YOUR INSTRUCTIONS: Transcribe this listing exactly; omit the pictures.
[[ DATA BLOCK, beginning ]]
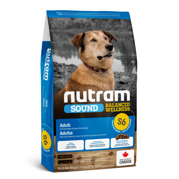 Canadian Brand. S6 Nutram Sound Balanced Wellness Adult Dog Food is a holistic, multi-beneficial, and nutrient-rich recipe that improves your pet's wellness from the inside-out. Their Holistic approach starts with digestion. Peas and Apples are both low-glycemic, high fiber ingredients. Fiber aids the movement of food through the digestive system, and creates the feeling of fullness, keeping your pet satisfied for longer. This combined with a blend of Flaxseed and Salmon Oil, rich in Omega-3 fatty acids, allows Nutram's Optimum Combinations to provide the nutrients that support healthy skin and a shiny coat.
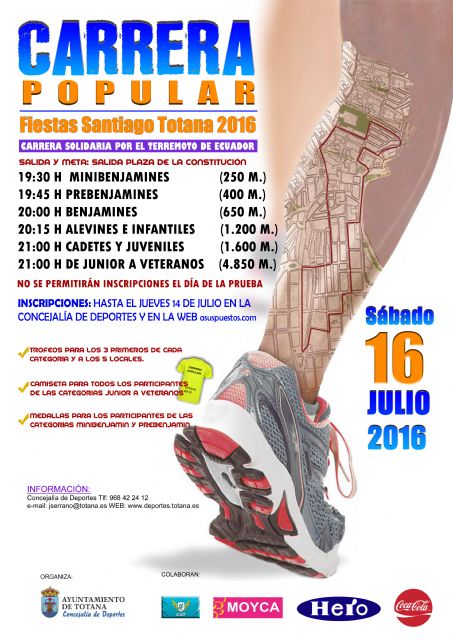 La Carrera Popular "Fiestas de Santiago" de Totana, organizada por la Concejalía de Deportes, tendrá lugar el próximo sábado 16 de julio, con salida y meta en la plaza de la Constitución de esta localidad; y este año cuenta con un componente solidario dado que se organiza a beneficio de los damnificados del terremoto de Ecuador.
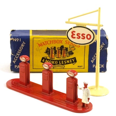 Red petrol pumps, attendant has white coat and hat. 'Esso' decals on both sides of the pumps. With separate sign in cream metal, with 'Esso' decals on each side in red, blue and white.
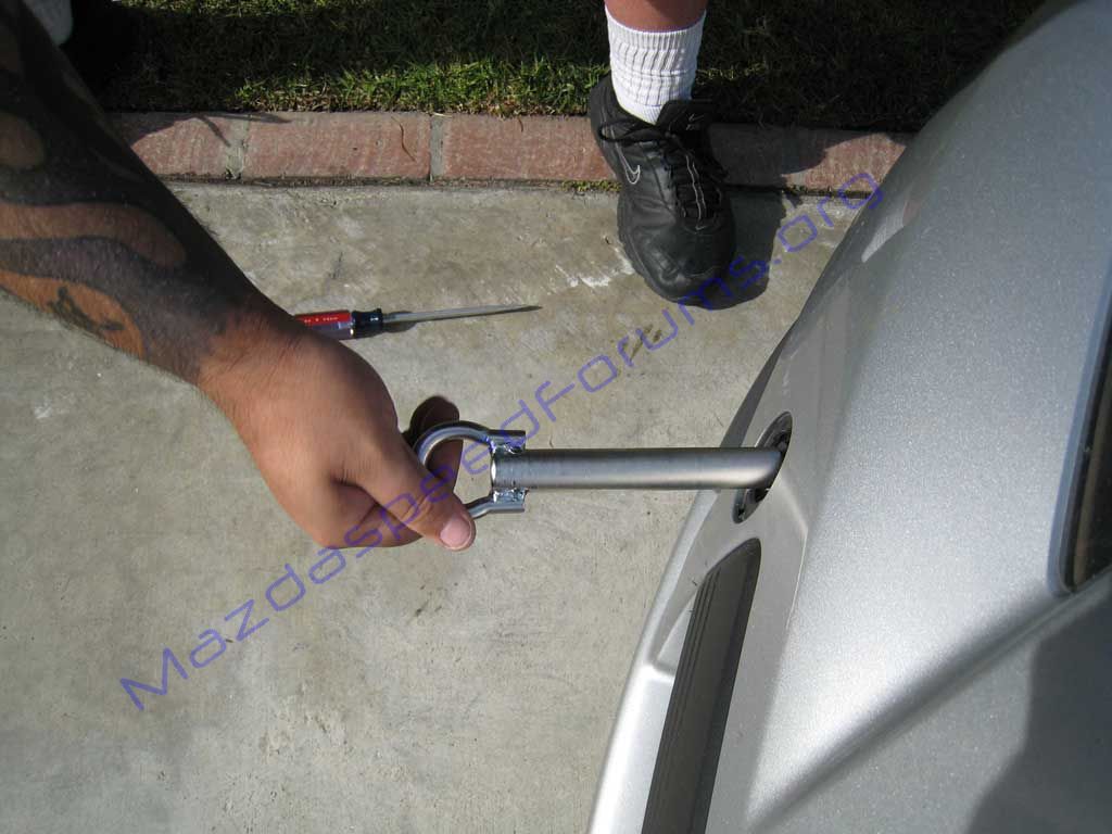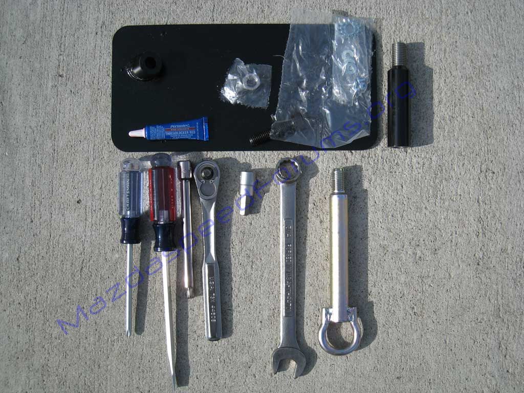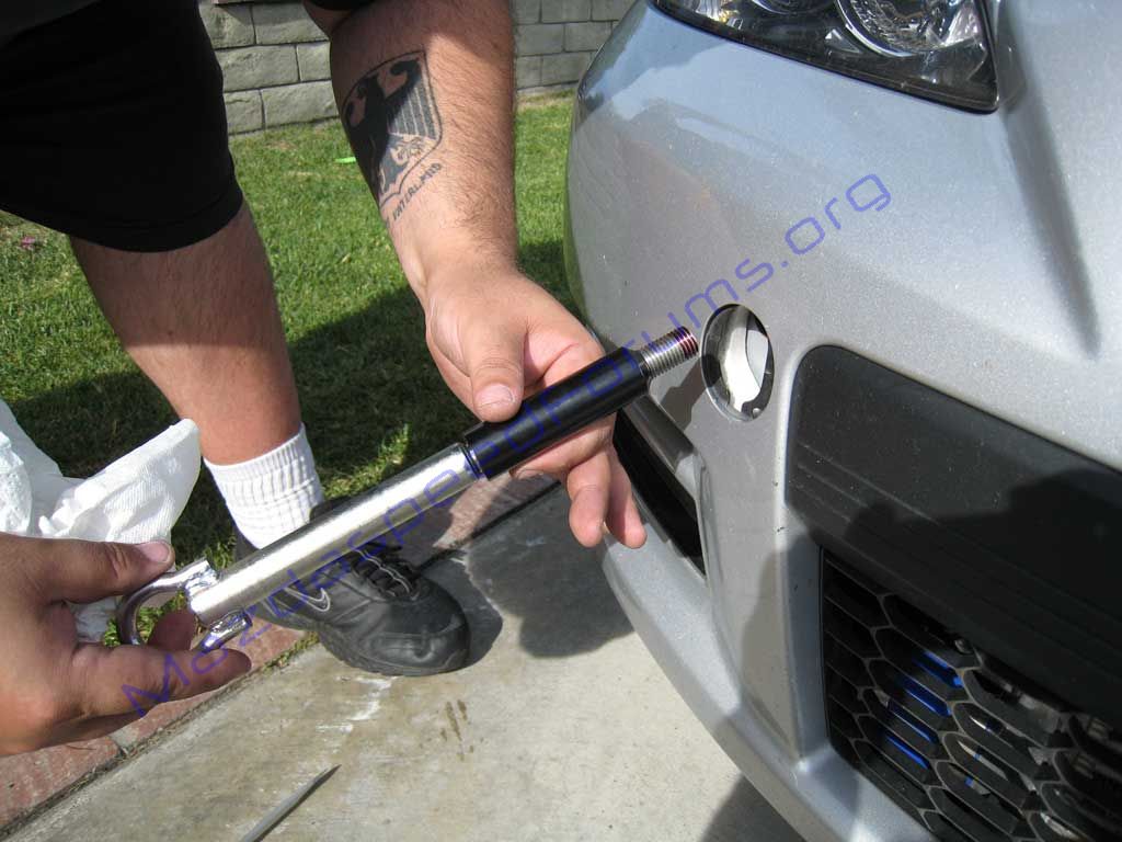 Installation Tools: Loctite Flathead screwdriver Phillips screwdriver 3/8ths allen wrench (common tool for american brake caliper replacement) 3/4 open/box wrench Original towhook located inside your trunk and a little thing we like to call common sense. ![]() Start by popping the tow hook cover on your bumper using a flat blade screwdriver as shown below: ![]() Tow Hook removed, detached from security cable ![]() Pull the CP-e towplate shaft and thread it with loctite. ![]() Now, take your stock towhook located in the trunk of your car and thread it into the CPe towplate shaft. You are using this an extension, therefore, no bumper removal is necessary in this step. Thanks Lenny! ![]() Now, thread the piece into the tow hook hole ![]() ![]() ![]() Now, you will need to separate the original tow hook from the shaft (this is why only finger tightening is required) As you start unthreading the tow hook from the CPE shaft you might want to apply pressure to the shaft with a finger to keep it from spinning itself out of the threads) ![]() ![]() « Back 1 2 3 4 5 Next» | ||||||||
[[ DATA BLOCK, end ]]
FINAL ANSWER:
 Canadian Brand. S6 Nutram Sound Balanced Wellness Adult Dog Food is a holistic, multi-beneficial, and nutrient-rich recipe that improves your pet's wellness from the inside-out. Their Holistic approach starts with digestion. Peas and Apples are both low-glycemic, high fiber ingredients. Fiber aids the movement of food through the digestive system, and creates the feeling of fullness, keeping your pet satisfied for longer. This combined with a blend of Flaxseed and Salmon Oil, rich in Omega-3 fatty acids, allows Nutram's Optimum Combinations to provide the nutrients that support healthy skin and a shiny coat.
 La Carrera Popular "Fiestas de Santiago" de Totana, organizada por la Concejalía de Deportes, tendrá lugar el próximo sábado 16 de julio, con salida y meta en la plaza de la Constitución de esta localidad; y este año cuenta con un componente solidario dado que se organiza a beneficio de los damnificados del terremoto de Ecuador.
 Red petrol pumps, attendant has white coat and hat. 'Esso' decals on both sides of the pumps. With separate sign in cream metal, with 'Esso' decals on each side in red, blue and white.
 Installation Tools: Loctite Flathead screwdriver Phillips screwdriver 3/8ths allen wrench (common tool for american brake caliper replacement) 3/4 open/box wrench Original towhook located inside your trunk and a little thing we like to call common sense. ![]() Start by popping the tow hook cover on your bumper using a flat blade screwdriver as shown below: ![]() Tow Hook removed, detached from security cable ![]() Pull the CP-e towplate shaft and thread it with loctite. ![]() Now, take your stock towhook located in the trunk of your car and thread it into the CPe towplate shaft. You are using this an extension, therefore, no bumper removal is necessary in this step. Thanks Lenny! ![]() Now, thread the piece into the tow hook hole ![]() ![]() ![]() Now, you will need to separate the original tow hook from the shaft (this is why only finger tightening is required) As you start unthreading the tow hook from the CPE shaft you might want to apply pressure to the shaft with a finger to keep it from spinning itself out of the threads) ![]() ![]() « Back 1 2 3 4 5 Next» | ||||||||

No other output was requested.